Reaver(77)
And that was if they were lucky.
“Was it worth it?” Revenant seized Reaver by the throat and yanked him off the ground. “Was leaving your family vulnerable in order to rescue a traitorous female worth it?”
“She’s not a traitor to my side,” Reaver choked out. He sucked in a wheezing breath. “Wait… my family. Vulnerable?”
Harvester wondered the same thing. She’d call the Horsemen a lot of things, but vulnerable was not one of them.
Revenant, his annoyingly luxurious black mane obscuring his face, leaned in as if to tell Reaver a secret. “They’re recovering from an unfortunate accident. Very sad.” He didn’t sound very sad, but there was definitely an odd note in his voice. “It was so against the rules.”
“Accident?” Reaver sucked a gurgling breath. “Rules? What rules?”
“The ones you like to break.” Revenant heaved Reaver across the room.
Reaver hit a pillar and crumpled to the ground, bits of stone and dust showering him as he tried to push to his hands and knees. Revenant launched at him, and with a sick, twisted smile, Slag tapped his bracelet.
Reaver grunted, and for a brief moment, Harvester got off on his pain. Malevolence was a faint vibration shimmering along every nerve ending, feeding into her pleasure centers like an erotic drug. Daddy’s DNA was just the gift that kept on giving, wasn’t it?
You’re an angel. Your mother is an angel, and your father, bastard that he is now, was an angel when you were conceived. There’s more good in you than evil. Fight this, Harvester.
Reaver’s words in the cavern came back to her in a rush. Her mother… she’d died only three hundred years ago, an innocent casualty of a small uprising in Heaven, according to Raphael. She hadn’t known Harvester had fallen from grace on purpose, and it was one of Harvester’s greatest regrets that her mother hadn’t learned the truth before she died.
Fight this.
Reaver grunted again as Revenant pounded his fists into his face and body, and this time, Harvester took no pleasure in his suffering.

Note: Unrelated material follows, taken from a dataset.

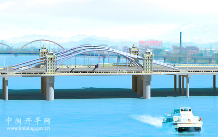 潭江大橋是我市城區(qū)建設(shè)時間最早的大型橋梁之一,是往來長沙、新昌最繁忙的交通樞紐,現(xiàn)在的潭江大橋分兩個時期建成,前期部分建于1963年,后期部分建于1978年。經(jīng)過40多年的使用,兩部分的橋梁都存在不同程度的損壞,其中前期建的橋梁2004年鑒定為危橋。2006年市委、市政府決定在原址重建潭江大橋。新設(shè)計(jì)的潭江大橋總長328米,橋?qū)?1.5米,雙向6車道,共15跨,主跨為60米,通航孔凈高不小于5米,通航孔凈寬46米。新橋施工招標(biāo)中標(biāo)價約為5564萬元,計(jì)劃2011年上半年完工。新橋設(shè)計(jì)新穎,充分融合了開平碉樓文化元素,建成后對解決目前城區(qū)交通擁擠的現(xiàn)狀、對建設(shè)生態(tài)宜居城市、繁榮城市經(jīng)濟(jì)將產(chǎn)生積極重要作用,是三埠城區(qū)的標(biāo)志性建筑之一。

“Stop it!” she screamed. She scrambled across the floor toward them, her knees cracking painfully hard on the floor.
She dove for Revenant’s legs. She didn’t make it. An agonizing pain wrenched her neck as she was jerked to a sudden stop by her hair. Gethel, her fist wrapped around Harvester’s ponytail, hurled Harvester through the air.
She hit the wall in a crack of bones and stone, and everything went black.

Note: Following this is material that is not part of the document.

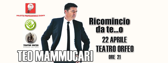 Teo Mammucari sarà al Teatro Orfeo il 22 aprile con il suo nuovo spettacolo: “Ricomincio da te…o”. E non vedo l’ora!
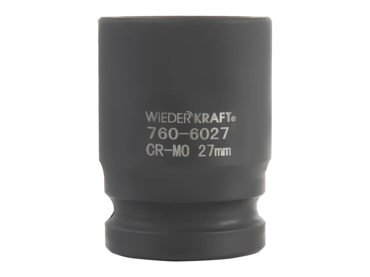 Ударная головка WiederKraft WDK-760-6027 (27 мм) с посадочным квадратом 3/4? и 6-гранным рабочим профилем. Выполнена из высококачественной хром-молибденовой стали 42 CrMo. Включения хрома и молибдена делают изделие прочным, устойчивым к нагрузкам и деформациям.

When she came to, she and Reaver, his face badly bruised and bloodied, were propped against the pillar he’d crashed into, chains connecting their collars to hooks embedded in the stone. Both Gethel and Revenant were gone. The asshole Nightlash, Slag, was sitting on a marble bench a few yards away, a satisfied smirk on his ugly face.
“Only reason you’re not both dead is that the Dark Lord wants you alive. You,” he said, jabbing his finger at Reaver, “are for his bed until you beg him for death.” His smile widened. “He shares with Slag.”
“Slag’s right,” Harvester agreed. “He does share. But I doubt he shares with demon morons who refer to themselves in the third person.” She shifted to cast a furtive look at the guard situation near the front entrance. There were three that she could see. “He also likes audiences.”
“That was very helpful,” Reaver said dryly.
She slid a glance at him, trying to get a bead on what he was thinking, but his expression was shuttered, his attention focused on their surroundings. The familiarity of his expression made her smile. She and Yenrieth—Reaver—had spent a lot of time hunting minor demons, and she knew the look he got when he had a plan.
A Khepri entered, its nasty insect head swiveling. It drew Slag aside, and the moment they were distracted, Harvester leaned closer to Reaver.
“So… what’s the plan? Tell me you have one.”
“I snagged a key to our collars off Revenant when he was tenderizing me,” he said, and she wanted to kiss him. “But lifting the key was too easy, which makes me think it’s a trap.”
Her heart sank. “It’s our only chance.”
“Agreed.” He rested his head against hers, and again the familiarity came roaring back. They’d propped each other up more times than she could count. “Let me know when Slag turns his back.”
“You got it.” She kept one eye on Slag and the other on the door her father would use when he arrived. The thought made her throat close. She’d do her best to kill both herself and Reaver if she had to. She couldn’t endure more torture, and she couldn’t bear the thought of Reaver going through it, either.